Would you like me to issue you a refund? Otherwise if you let us know the passwords you want we can reset up the accounts for your user.
The “permanent” part of her response threw me for a loop. I mean, is there a non-permanent state? And what would a historically on-time paying client have to do to get that instead? So I responded as such:
yes, i would like a refund.
also, i understand that it was my fault that you couldn’t get in touch with me via email , but i’m pretty damn dismayed that:
- an active email account was shut down without trying an alternative method of contact. you do have my physical address. for what reason, i’ve no idea.
- in this day and age, with moore’s law creating storage business models left and right, i’m shocked that you didn’t simply put a freeze on the account. my client called me today. if you simply froze the account, we would’ve been back in business this afternoon.
-sean coon
Being that the work I do for my local clients is what I consider to be community service — compared to my primary gigs in the design world — I was much more upset that my guy lost his emails than me losing the re-up fee from today, especially because I was absolutely guilty of human error.
But I couldn’t get past the fact that the policy at DNS Made Easy seemed pretty damn archaic. I mean, no attempts at contacting the account holder — one that has always paid on time and who’s account is active on a semi-daily basis — in an alternative manner before hard deleting the account?
I didn’t expect a postcard in the mail with a hint of perfume and a royal invite to write them a check, but such a drastic no tolerance policy — without attempting a call or notice by mail — feels, dare I say, spiteful?

Well, this is the response I just received from Kate:
Wow…. Spent hours trying to help you today. Offered you a refund even though we have a zero refund policy and this is the attitude you give me?!?!?!
> 1. an active email account was shut down without trying an alternative
> method of contact. you do have my physical address. for what reason, i’ve no
> idea.
Are you joking me? You expect us to send you personal letters by mail? For an account of your size? Should we fly to your house also and knock on your door? Should I call your whole family also and let them know you are late paying your bill?

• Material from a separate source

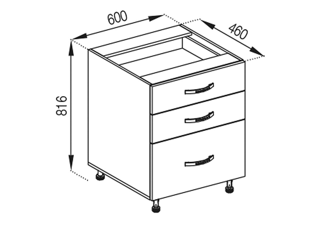 - Корпус Н 60 3Ш (2+1) Favorit Svit Mebliv, 1 шт – 60.00 см x 81.60 см x 46.00 см

Please…. this obviously is not a business for you.
> 2. in this day and age, with moore’s law creating storage
> business models left and right, i’m shocked that you didn’t
> simply put a freeze on the account. my client called me today. if you simply
> froze the account, we would’ve been back in business this afternoon.
It was frozen for 4 days then removed. Not our fault that your client noticed after it was removed. Not our fault if you give us your free yahoo account to check your emails. Not our fault you do not check your free email’s spam box.

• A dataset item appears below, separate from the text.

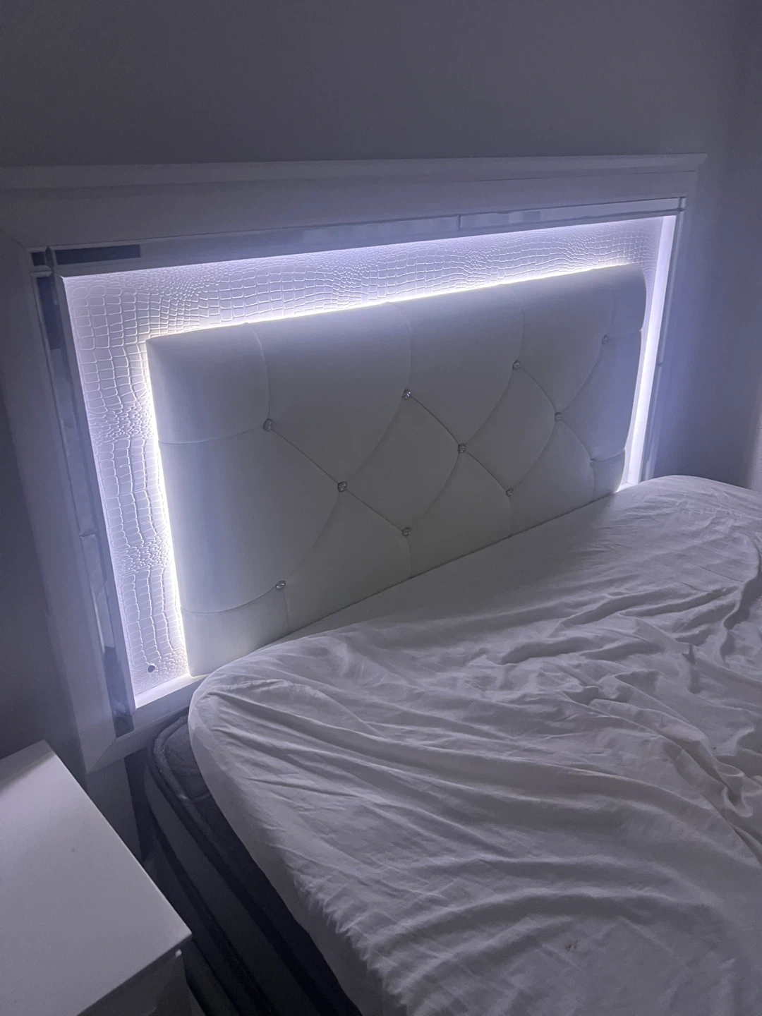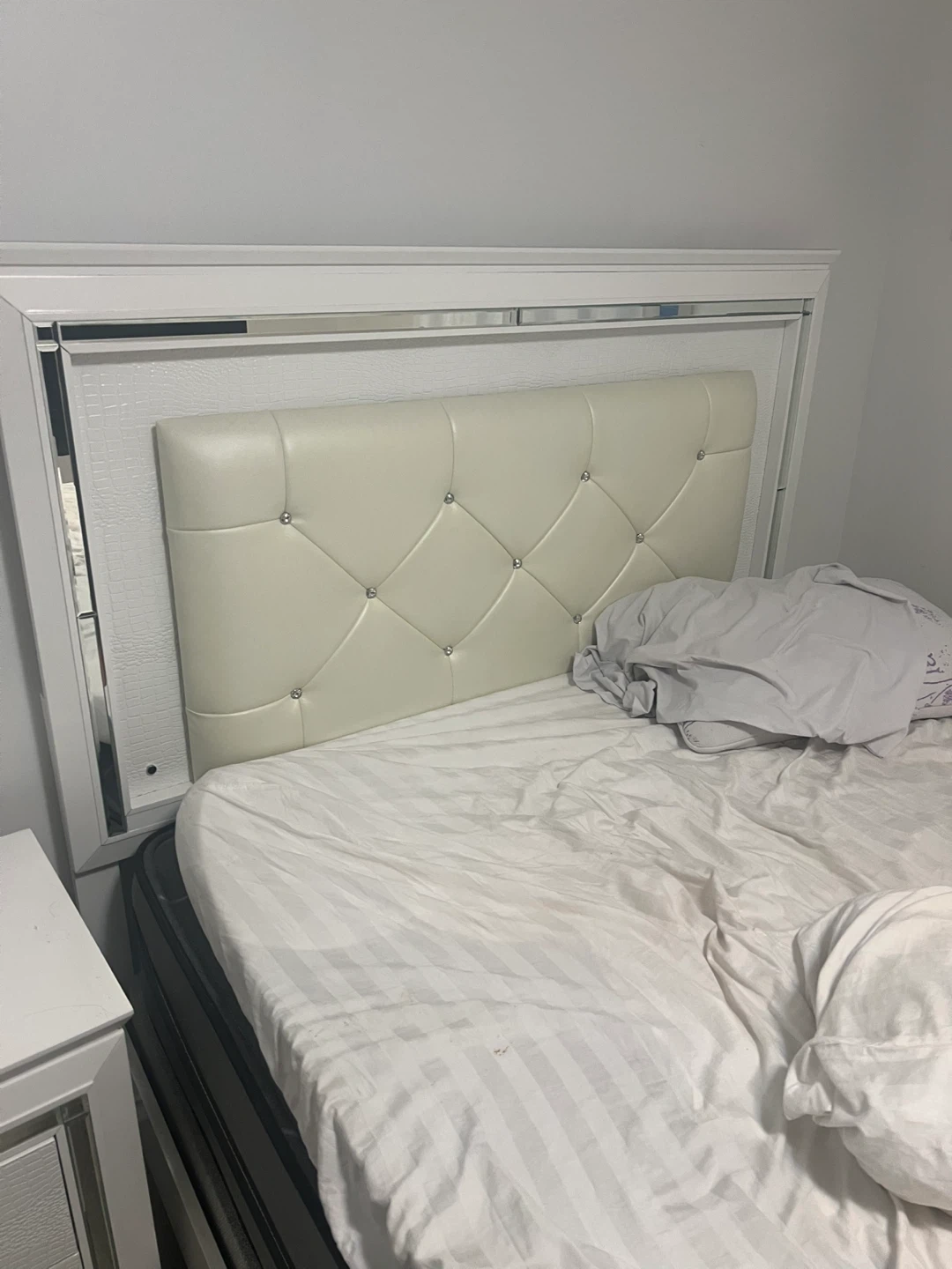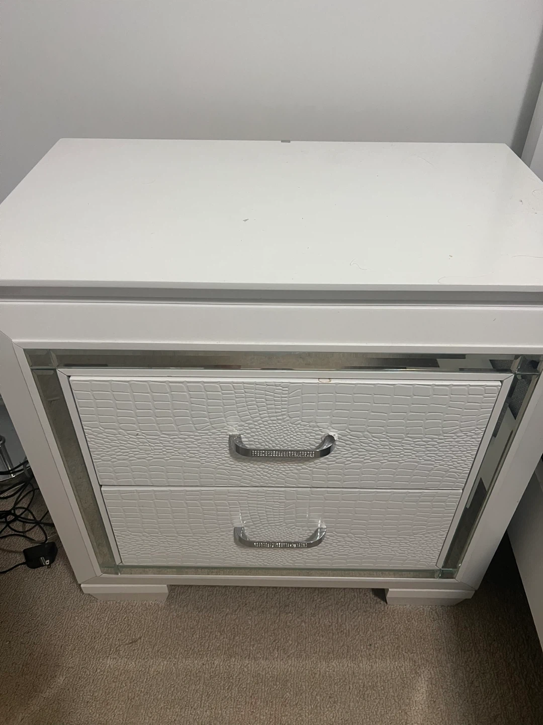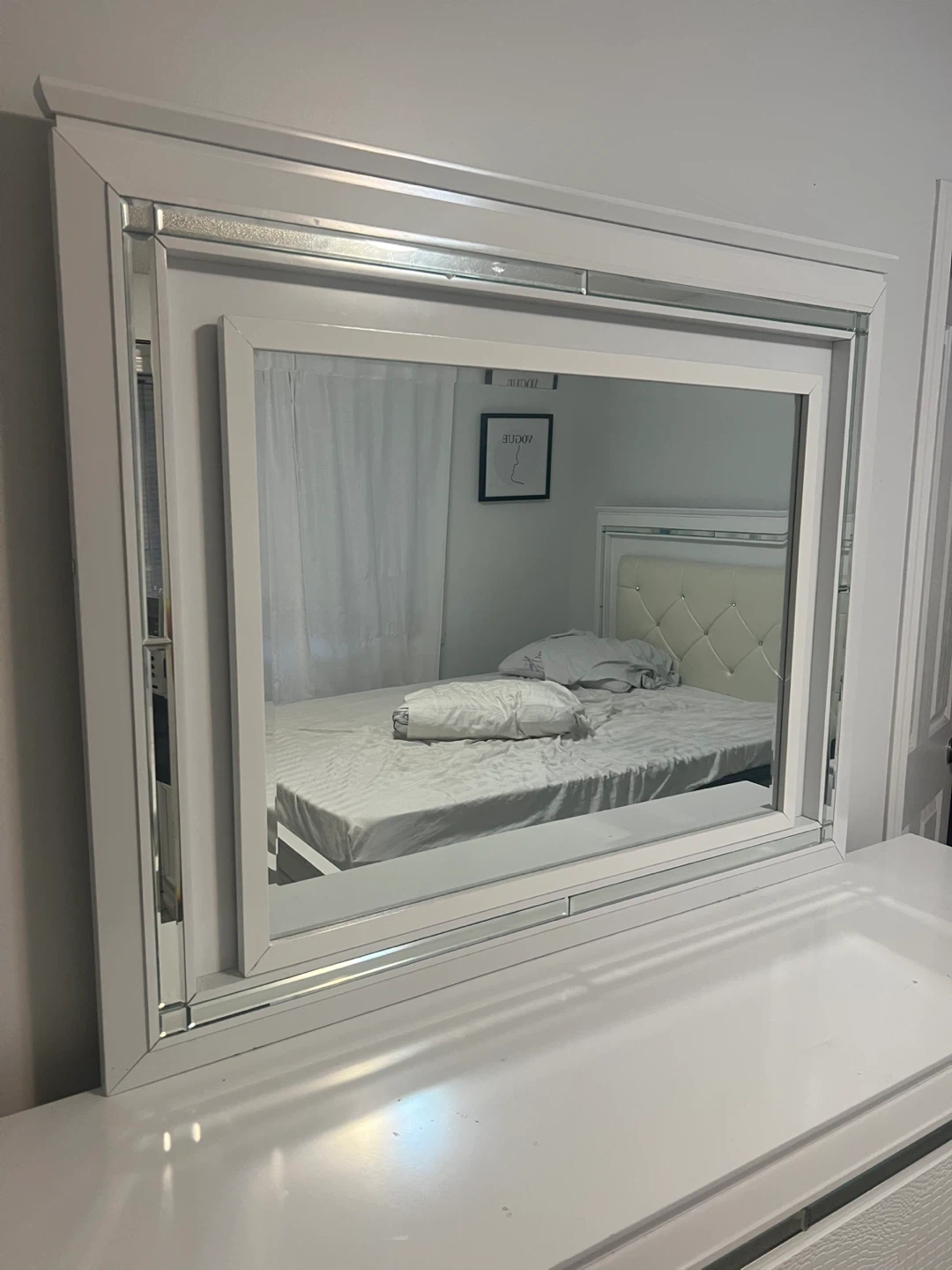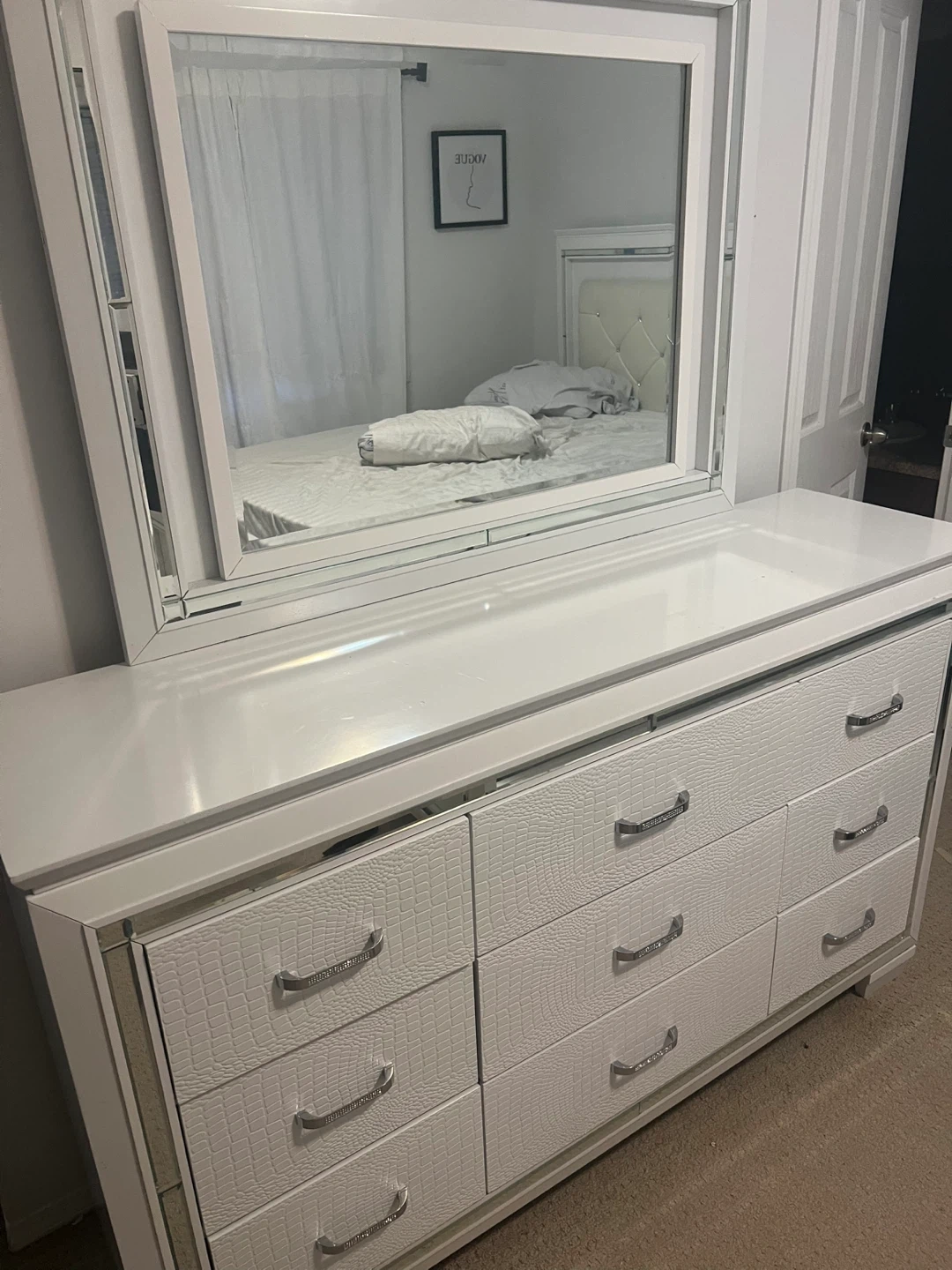 10Selling a complete white bedroom set! Includes a dresser with a mirror, a nightstand, and a headboard. The dresser features textured drawers and mirrored accents. The headboard is upholstered with diamond-patterned tufting. A great set to complete any bedroom! Looking to change my bedroom so I want to sell them. They are worth 2500 but selling for 1500

Since you made a list for me, here is a list for you.
- Don’t use your free yahoo email account for hobby / business. Did you tell your friend / client that is why you lost all of their email?
- Learn to write down when your services expire. You are lucky we gave you over 2 weeks. Most providers shut you down much sooner.
- Always pay your bills on time.
- Don’t be rude to people that have tried to help you for free…. Eventually no one will try to help you.
Please let us know if you have any additional questions, concerns, or comments regarding this ticket.
-Kate
DNS Made Easy Sales / Support
sales@dnsmadeeasy.com
Please let us know if our response did not answer your question. To reply to this ticket you can do so by email (just reply) or by the support site.
Nice. Apparently, my use of the word “you” in my last email was taken by Kate as something personal, and not aimed towards the policy of her company. That wouldn’t have happened if I were able to call DNS Made Easy, but their business model is that I have to pay for that pleasure.
So now I have the market on human error and being a stupid shit… and DNS Made Easy is perfection in motion.
Fun. I just tried to log into my shell account, and it’s now been deactivated.
No, not spiteful at all.
What a wonderful way to wind down an evening.